**EXTRACTED MATERIAL**.

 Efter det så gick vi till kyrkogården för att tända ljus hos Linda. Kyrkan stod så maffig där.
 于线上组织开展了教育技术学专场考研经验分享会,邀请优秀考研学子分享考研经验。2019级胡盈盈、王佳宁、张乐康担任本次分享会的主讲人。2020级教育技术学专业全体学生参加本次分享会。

* * *

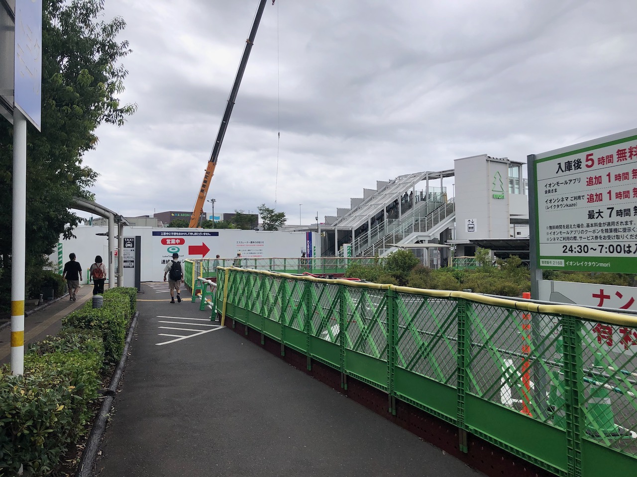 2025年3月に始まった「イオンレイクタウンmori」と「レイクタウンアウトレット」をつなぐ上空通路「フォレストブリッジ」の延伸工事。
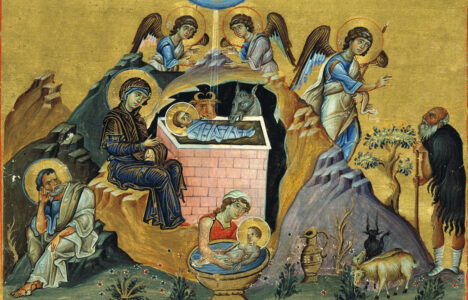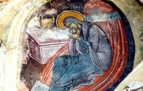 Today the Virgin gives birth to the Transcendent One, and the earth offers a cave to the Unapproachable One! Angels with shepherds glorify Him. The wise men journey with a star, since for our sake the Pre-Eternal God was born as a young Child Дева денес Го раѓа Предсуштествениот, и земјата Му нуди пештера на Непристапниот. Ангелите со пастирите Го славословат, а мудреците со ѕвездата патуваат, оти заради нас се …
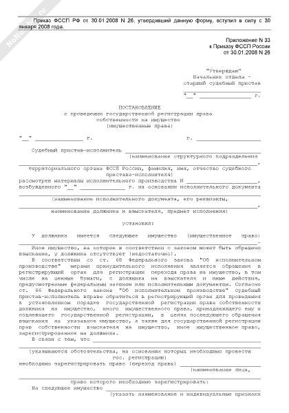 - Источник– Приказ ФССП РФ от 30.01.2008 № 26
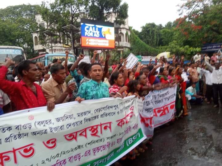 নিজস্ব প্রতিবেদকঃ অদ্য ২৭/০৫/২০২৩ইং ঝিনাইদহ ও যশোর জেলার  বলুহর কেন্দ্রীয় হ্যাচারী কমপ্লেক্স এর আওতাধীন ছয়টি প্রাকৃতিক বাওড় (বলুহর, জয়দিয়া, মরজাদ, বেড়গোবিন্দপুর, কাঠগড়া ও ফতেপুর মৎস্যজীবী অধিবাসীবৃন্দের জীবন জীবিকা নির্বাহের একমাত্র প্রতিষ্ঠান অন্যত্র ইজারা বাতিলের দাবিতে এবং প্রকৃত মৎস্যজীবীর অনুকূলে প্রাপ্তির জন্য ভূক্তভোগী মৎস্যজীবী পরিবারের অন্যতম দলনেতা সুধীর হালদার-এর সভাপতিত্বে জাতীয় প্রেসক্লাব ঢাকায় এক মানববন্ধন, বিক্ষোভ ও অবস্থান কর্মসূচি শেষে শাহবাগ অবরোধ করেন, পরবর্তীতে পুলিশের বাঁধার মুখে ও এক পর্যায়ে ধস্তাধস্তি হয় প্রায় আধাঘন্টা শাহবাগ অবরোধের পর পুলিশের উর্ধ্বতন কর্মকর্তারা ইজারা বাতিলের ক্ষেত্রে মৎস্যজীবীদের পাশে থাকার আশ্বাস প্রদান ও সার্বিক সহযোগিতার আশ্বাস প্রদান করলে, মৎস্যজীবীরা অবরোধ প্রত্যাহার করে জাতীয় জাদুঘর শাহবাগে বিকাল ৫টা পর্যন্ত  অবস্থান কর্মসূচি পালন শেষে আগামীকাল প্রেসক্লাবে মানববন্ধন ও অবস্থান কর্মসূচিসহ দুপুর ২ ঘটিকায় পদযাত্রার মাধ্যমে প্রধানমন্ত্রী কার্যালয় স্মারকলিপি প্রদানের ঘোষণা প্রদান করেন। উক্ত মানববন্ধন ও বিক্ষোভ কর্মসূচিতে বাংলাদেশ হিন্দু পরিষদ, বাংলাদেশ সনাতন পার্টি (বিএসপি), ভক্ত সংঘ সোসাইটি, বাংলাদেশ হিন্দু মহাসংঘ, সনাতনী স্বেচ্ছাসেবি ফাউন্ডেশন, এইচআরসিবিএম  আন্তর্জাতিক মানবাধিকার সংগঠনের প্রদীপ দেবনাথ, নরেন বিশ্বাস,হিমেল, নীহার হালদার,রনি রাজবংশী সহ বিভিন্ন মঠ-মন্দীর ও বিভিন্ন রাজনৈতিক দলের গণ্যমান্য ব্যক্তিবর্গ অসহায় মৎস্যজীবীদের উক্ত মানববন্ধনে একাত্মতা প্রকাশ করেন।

* * *

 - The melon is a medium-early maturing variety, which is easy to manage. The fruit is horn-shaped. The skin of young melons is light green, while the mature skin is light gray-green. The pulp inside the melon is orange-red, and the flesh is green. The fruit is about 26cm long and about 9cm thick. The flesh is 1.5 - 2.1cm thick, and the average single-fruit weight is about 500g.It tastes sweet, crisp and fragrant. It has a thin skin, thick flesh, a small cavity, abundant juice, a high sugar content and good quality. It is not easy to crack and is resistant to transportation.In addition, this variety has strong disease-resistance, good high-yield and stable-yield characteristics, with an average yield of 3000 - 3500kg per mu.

**WHAT YOU HAVE TO DO**.
In the records above, find the line with "Efter det så"; write out exactly that line and each one after it, stopping after the line with "于线上组织开展了教育技术学专".

**OUTPUT OF THE TASK**.
 Efter det så gick vi till kyrkogården för att tända ljus hos Linda. Kyrkan stod så maffig där.
 于线上组织开展了教育技术学专场考研经验分享会,邀请优秀考研学子分享考研经验。2019级胡盈盈、王佳宁、张乐康担任本次分享会的主讲人。2020级教育技术学专业全体学生参加本次分享会。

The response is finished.